IL PD: “SOSTEGNO A QUALSIASI SOLUZIONE DEL COLLE” – Il Pd dichiara sostegno a qualsiasi soluzione Colle riterrà opportuna: vale a dire Gentiloni, l’uomo designato da Renzi a succedergli. “Abbiamo registrato un larghissimo rifiuto da parte delle opposizioni a un governo di responsabilità nazionale e abbiamo assicurato al capo dello Stato tutto il sostegno del Pd alla soluzione della crisi che riterrà più opportuna”. Lo afferma il capogruppo al Senato, Luigi Zanda, al termine delle consultazioni.

M5S: “GOVERNO DALL’ALTO NON HA LEGITTIMAZIONE” – Il M5S chiede al capo dello Stato che il governo Renzi resti in carica per gli affari correnti e si vada quanto prima al voto. Perché “un governo calato dall’alto non ha legittimazione” “Renzi, tutto il suo governo, e il Pd hanno fallito. Non è una nostra asserzione, ma – afferma Giulia Grillo, capogruppo alla Camera – un’affermazione certificata dal voto. Qualunque nuovo governo calato dall’alto non avrebbe legittimazione popolare e se in continuità con quello precedente imporrebbe le stesse ricette economiche di lacrime e sangue”.

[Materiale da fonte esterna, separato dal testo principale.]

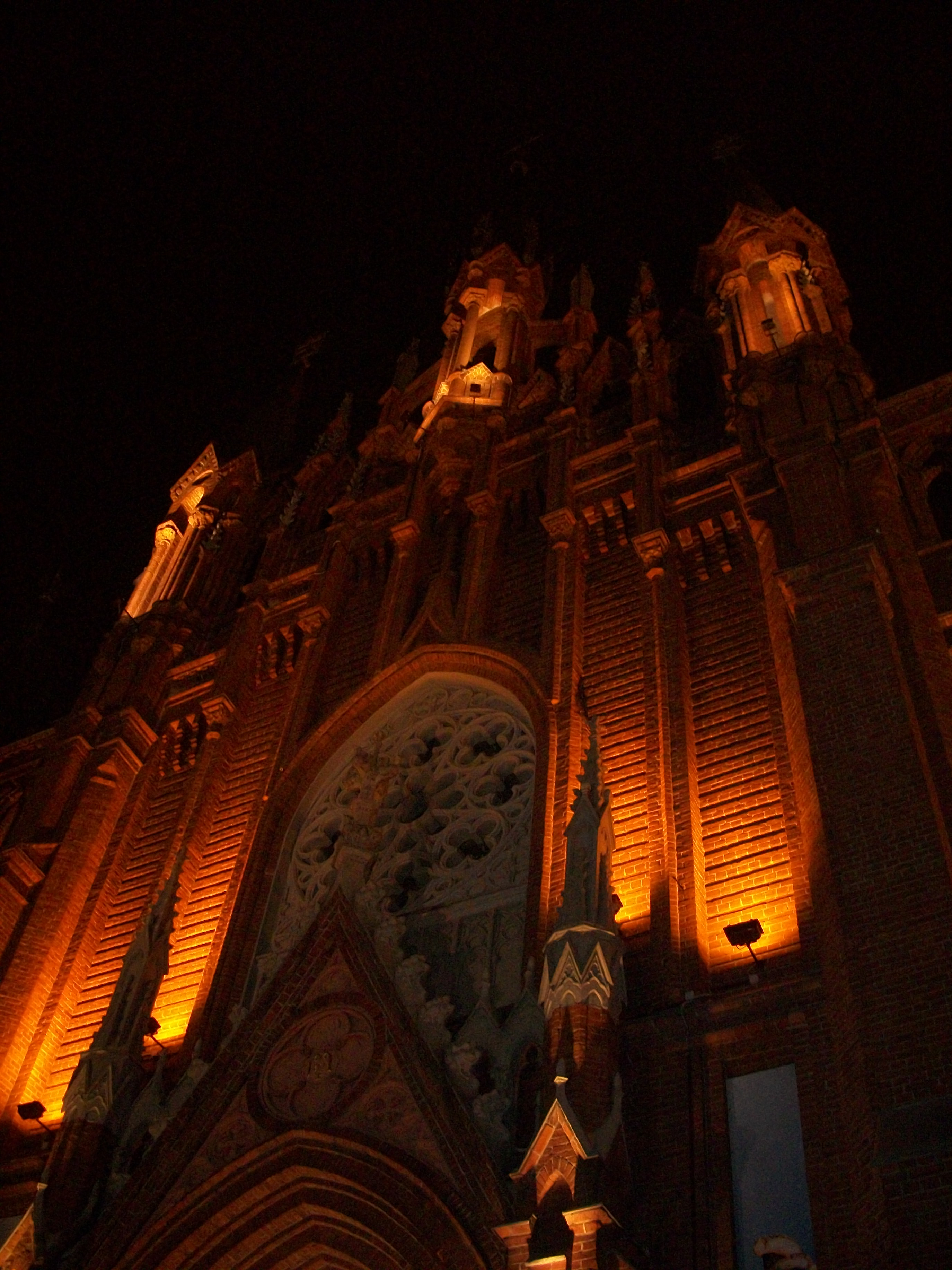 Polish Church in Moscow

SI-SEL: “NO A GENTILONI” – Un no all’ipotesi Gentiloni arriva da Si-Sel. “Assolutamente no. Siamo molto chiari e netti – afferma la capogruppo di Sinistra Italiana al Senato Loredana De Petris al termine delle consultazioni- Discontinuità vuol dire discontinuità, non è solo Renzi ma anche chi per lui può dare lo stesso di tipo di impronta e continuità”.

ALA: “OK A RENZI BIS” –  “Siamo disponibili a ogni formula che Mattarella intende adottare, da un governo Renzi-bis a un esecutivo di altro tipo, l’importante è che il Paese esca dall’impasse” e intervenga sui temi più di emergenza e sulla legge elettorale. E’ la posizione di Ala-Sc affermata da Denis Verdini al termine delle consultazioni.

ALFANO: “RENZI BIS O GOVERNO DI RESPONSABILITA'”- Renzi bis o governo di responsabilità comune: in ogni caso Ncd non vuole sloggiare dal governo. “Siamo disponibili a governo con responsabilità comune” con la partecipazione “di tutte le forze volenterose – dichiara Angelino Alfano – che avranno il senso di appartenenza comune e che li porti a partecipare a un governo che si trovi ad affrontare alcune emergenze”. “Qualora ci fosse un diniego da parte degli altri potenziali partecipanti – aggiunge il ministro degli Interni .- non avremmo nulla in contrario anzi, avremmo molto di favorevole, ad una prosecuzione di Matteo Renzi”.